In most cases, a thorough physical inspection should tell you what to be wary of. As the most expensive component on the motorcycle, the engine is the first component to inspect. A good tip is to ask the seller not to start up the motorcycle beforehand. Check if it starts easily during a cold-start; there should be no unusual sounds or smoke emanating from it or the exhaust pipe. Ideally, a short test ride should give you a better understanding as to how well it runs, but not all sellers may be thrilled about you riding off on a motorcycle that isn’t yours yet.
Milky streaks in the engine oil could mean there’s water in the engine.
It may be hard to spot under all the bodywork, but check for rust on the frame and don’t be afraid to question the owner about anything that seems out of the ordinary. Check that all the electrical components are working and that there’s no questionable wiring to be seen. Also take a look at the bearing and seals. Prop the bike up on its centre stand and see that the wheels spin freely, and that the rear shock and fork oil seals aren’t leaking. What you want to look at next is consumables like tyres, brake pads and the chain sprockets. These could be worn out if they haven’t been replaced recently, and is something that you should factor into the final price negotiations.

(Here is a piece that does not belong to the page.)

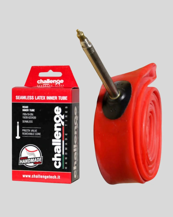 Challenge produces the only seamless 'one-piece' latex inner tubes on the market providing a smooth, balanced ride with no pucker or bump like those found on other tubes. Latex tubes are lighter, thinner and more flexible than a butyl tube, increasing your comfort, lowering your rolling resistance, and helping to prevent flats. The tube also includes a removable core Presta valve making them compatible with both inline and external valve extenders.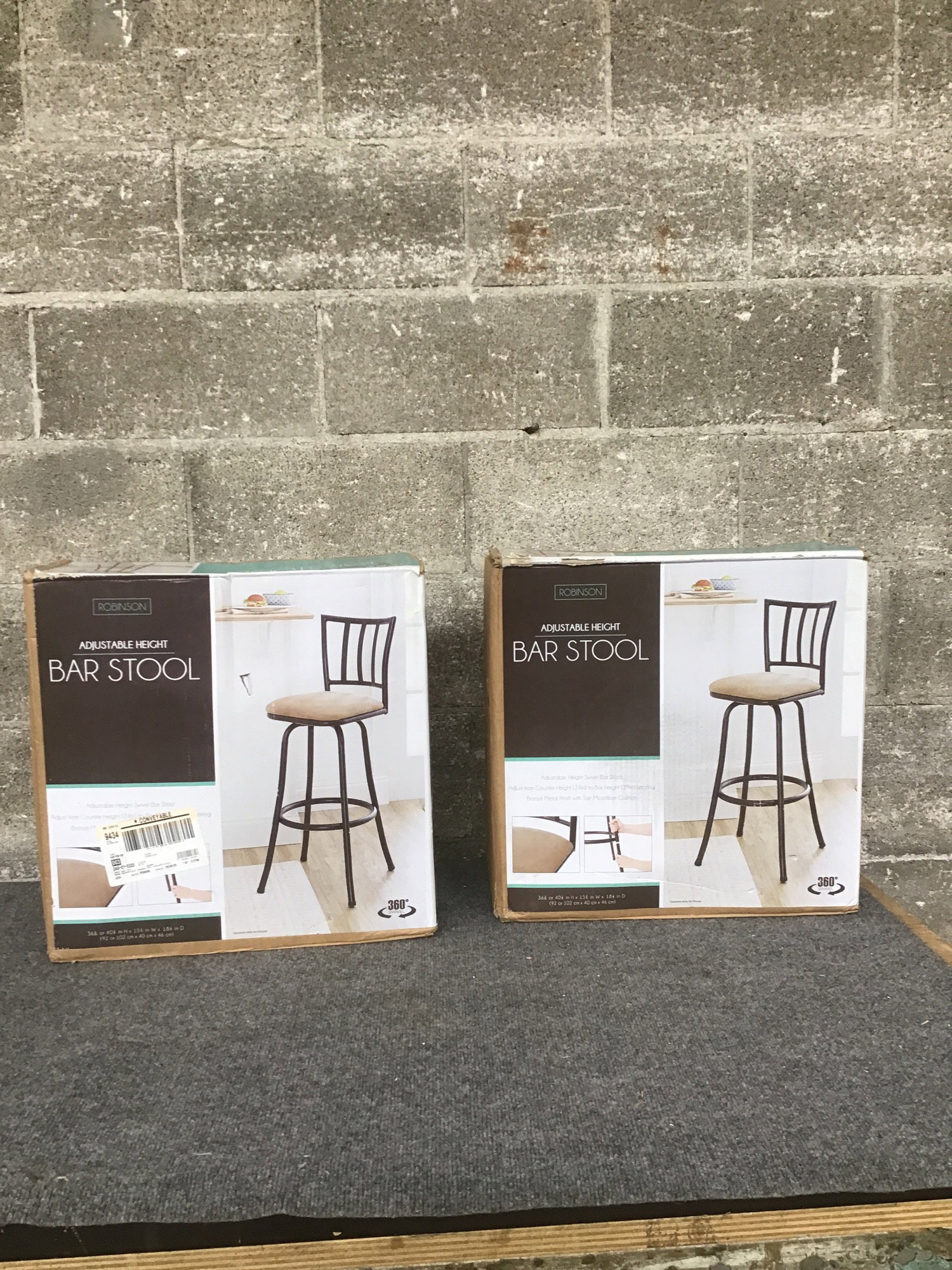 New in box Robinson brand barstool pair, require assembly, sold as a pair.

Poor maintenance will show.
Now, if you feel like you have found a motorcycle that fits your requirements, the last part is the paperwork. Important documentation includes the registration certificate, vehicle insurance papers, original purchase invoice, road-tax receipt and the pollution certificate. You will also need Form 28 - the No Objection Certificate (NOC); Form 29 - the intimation of transfer of vehicle ownership; and Form 30 - the report of transfer of ownership of a motor vehicle. If the vehicle was financed, you will also need to submit Form 35 to the RTO, along with a copy of the NOC from the financing company stating that there are no more dues to be paid.
Keep in mind that any change in the vehicle, like engine replacement or a new body colour, has to be updated in the registration certificate as well. Also, make sure that there is no accident history associated with the vehicle.

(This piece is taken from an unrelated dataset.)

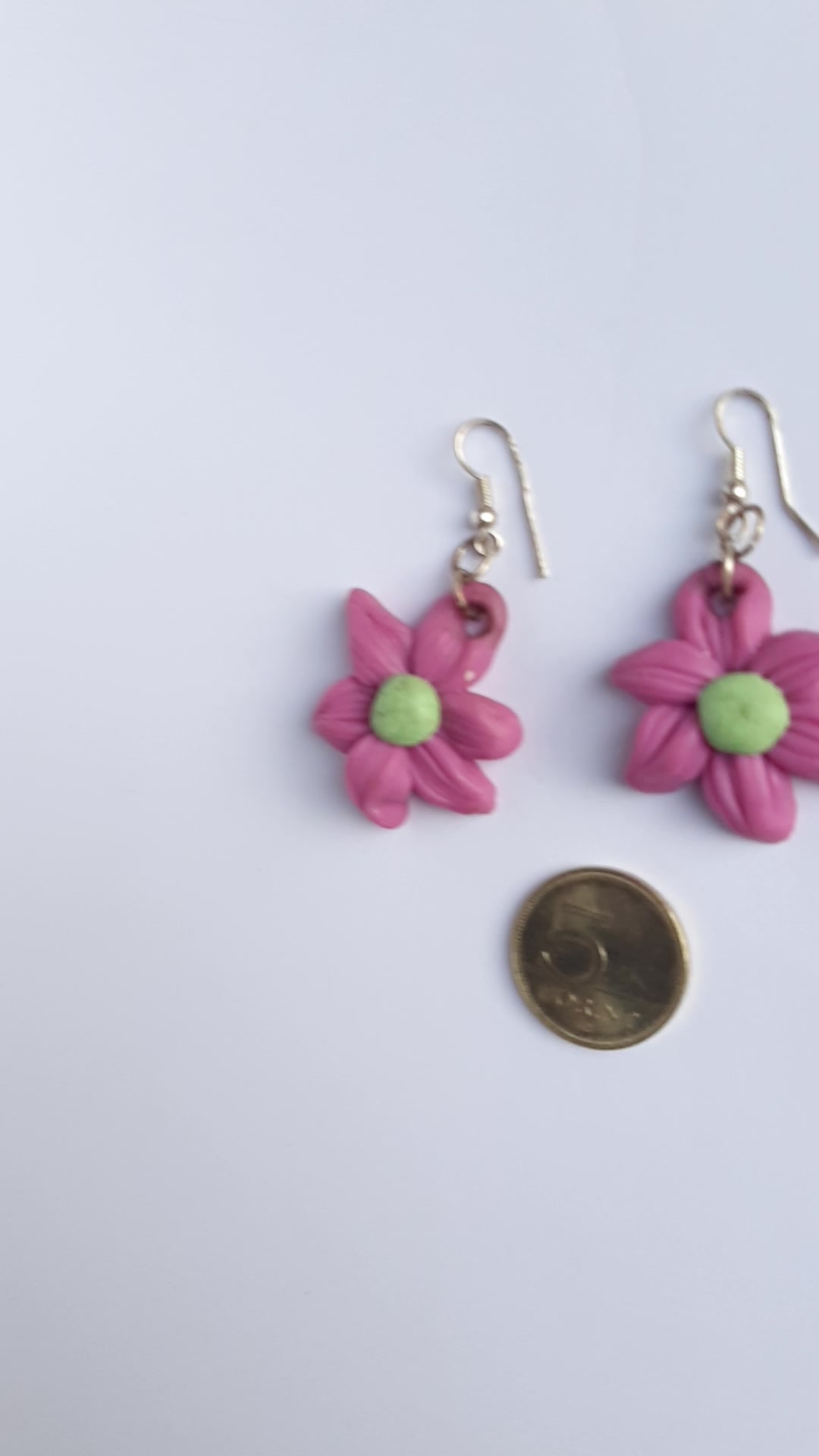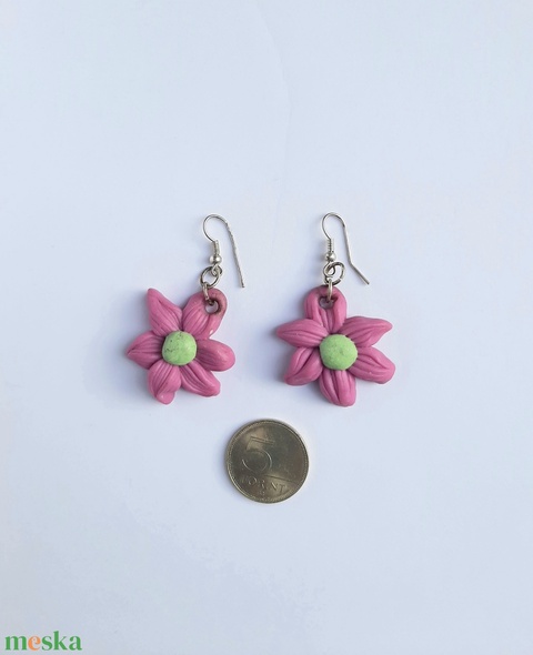 Lila virág fülbevaló zöld középpel

Don’t forget the paperwork!
Buying a big bike
While the process of buying a big bike is more or less the same, we suggest that you find out as much as you can about the motorcycle before buying it. For example, buying a Ducati a couple thousand kilometres before its due for its desmodromic valve adjustments will land you in a rather expensive pickle. Big bike manufacturers have started entering the pre-owned motorcycle space in India. You have the Ducati Approved programme and Harley-Davidson Originals. The Italian manufacturer puts every pre-owned bike through 35 tests before it gets the approval to be resold via the dealership. Harley’s scrutiny checks, on the other hand, seem to be even more elaborate – the website claims that a 99-point quality check assurance is conducted by its technical team.
Both manufacturers also offer a oneyear warranty as standard, as well as the option to extend it. In our opinion, buying a pre-owned big bike from the manufacturer is your safest bet, as it’s bound to be technically sound and, should something go wrong, will come with warranty. However, if you are buying it from the owner directly, you could ask him to accompany you to the closest authorised workshop where the bike can be inspected properly. This will cost you a little, but it will give you the assurance that you are getting what you pay for. The big bike community in India is still quite small so try to learn about the bike’s history. For example, if it’s one of those poor machines that has been revved half to death at a motorcycle festival, you’d probably want to skip it, regardless of how clean it may appear.
Making your decision
And there you have it. Buying a used two-wheeler may seem like a tall order, but being proactive about your decisions will make the process easier. Buying a motorcycle can be a very exciting prospect, but remember to stay grounded and think with your wallet if you’re on a budget. Follow the steps and guidelines we’ve listed here and buying a pre-owned bike will be a seamless experience.